Упор делался на самбо — им мой супруг усиленно занимался по молодости в прежнем мире, а здесь за два года приспособил свое новое тело к приемам, что остались в памяти. Постоянно убеждал парней, что учит их не как быть самыми крутыми в масленичном бою стенка на стенку, а как обезоружить пьяного придурка с ножом или колуном.

А вот завести единоборства и бег на службе даже не пытался. Захваты и удары были востребованы еще меньше, чем стрельба. Во-первых, объекты преследования сдавались сами, во-вторых, для исключительных случаев существовало холодное оружие — сабля или тяжелые ножны от нее, приклад ружья, алебарды, которые полагались будочникам. Миша однажды предложил начальству устроить фехтовальный турнир среди этих сонных стражей порядка, а заодно научить, как бить злодеев древком, не причиняя непоправимого вреда, но все свелось к шуткам

С бегом же еще проще и печальней: все помнят про воина, прибежавшего с поля Марафонской битвы, впрочем умершего на финише — не самый лучший пример. Сейчас же бег — признак социального несчастья, вроде камаринского мужика-алкаша, что «заголив штаны, по улице бежит».

Сегодня Мише пришлось, как прежде, в Голубках, бегать ночью. Сделал круг, переоделся, затянулся в неизбежный служебный мундир, проверил, под парами ли «Горлица», и пришел ко мне выпить кофе.

Я уже закончила с корреспонденцией. Не верю в теорию весов и баланса, однако после конфликта на Волк-озере других неприятных вестей не поступило. В моих, как я называла, «пшеничных угодьях» хлеб убран без потерь. С астраханского завода прибыла очередная партия консервированной икры, тоже без ущерба. Позже ее станут называть едой нищебродов, но она такова лишь на Нижней Волге, да и то та, что не засолили для богатого потребителя. За четыре тысячи верст водного пути она становится продуктом премиум-класса. Тем более моя — безукоризненная. Я не официальный поставщик императорского двора, но поставщики берут ее у меня.

А в Париже — очередное досудебное соглашение с любителями контрафакта. Ладно, пусть сами считают, что изобрели метод стойкой окраски, но разово заплатили приличную сумму и будут отчислять каждый год, пусть не по патенту. Расход на адвокатов оправдался.

Значит, этой осенью моя прибыль не десять, а почти пятнадцать процентов от основного капитала. Можно развивать игрушечную железную дорогу, строить экспериментальные пароходы, поддержать репутацию благотворительницы и хлебосольной хозяйки. Только какими деньгами ты решишь ворох проблем, завязанных на сильных мира сего? На мужа сердится генерал-губернатор, на меня — императрица-вдова, потому что один из ее сыновей ко мне неравнодушен. Мне этого мало: сейчас я усердно укрываю двух беглецов от гнева главного Карабаса империи.

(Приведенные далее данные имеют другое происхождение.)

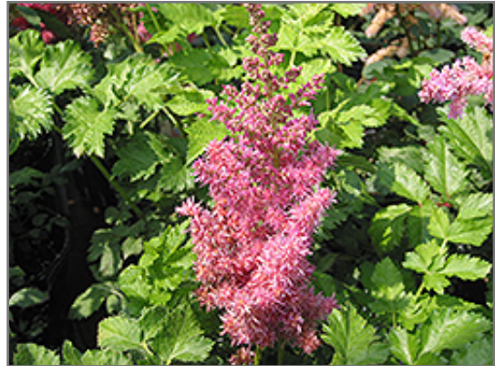
Stand and Deliver Astilbe flowers

А дома кто-то ворует по непонятному принципу. Может, Миша тайком от меня сделал в своей секретной мастерской шапку-невидимку и боится признаться, что ее украли?

* * *

На причале дождик усилился, что к лучшему. У всех на головах капюшоны, а гости-беглецы постарались выглядеть как дементоры.

Когда будили, Василий и Василиса встрепенулись, как вспугнутые зверьки. Несколько секунд недоуменно глядели по сторонам, потом вспомнили, кто мы. Опять попросили: «Может, нам самим уйти?» То ли стеснялись помощи, то ли побаивались — вдруг к утру, которое мудренее, мы решили не связываться с Аракчеевым и доставить их в полицейскую часть?

Я не стала тратить время на утешительные беседы. Просто велела встать, умыться, переодеться. Это успокоило Васю и Васю лучше любых слов: сдать их властям можно было бы и в прежней одежке.

Куда мы плывем, объяснили им в салоне. Я откровенно рассказала про больничный островок, который называют Чумным, но чумы на нем никогда не водилось, а лишь иногда в отдельных помещениях лечатся дети, больные оспой. В остальных же зданиях — врачебные мастерские, называемые лабораториями, где изготавливают лекарства, и особые больничные спальни — палаты, где лечат людей с обычными заболеваниями. Каждого нового работника на этом островке научат, как не подцепить чужую болезнь. Главное — слушаться.

К счастью, влюбленные не испугались. Василиса даже заметила:

— И хорошо, что этот остров «чумным» кличут, а не «рябым», — уж точно никакой дурак не сунется.

Я не сразу поняла, а потом сообразила: в те времена рябое лицо — главный признак перенесенной оспы.

А вот последующий вопрос оказался вполне разумен.

— Эмма Марковна, а церкви с попом на этом острове нет?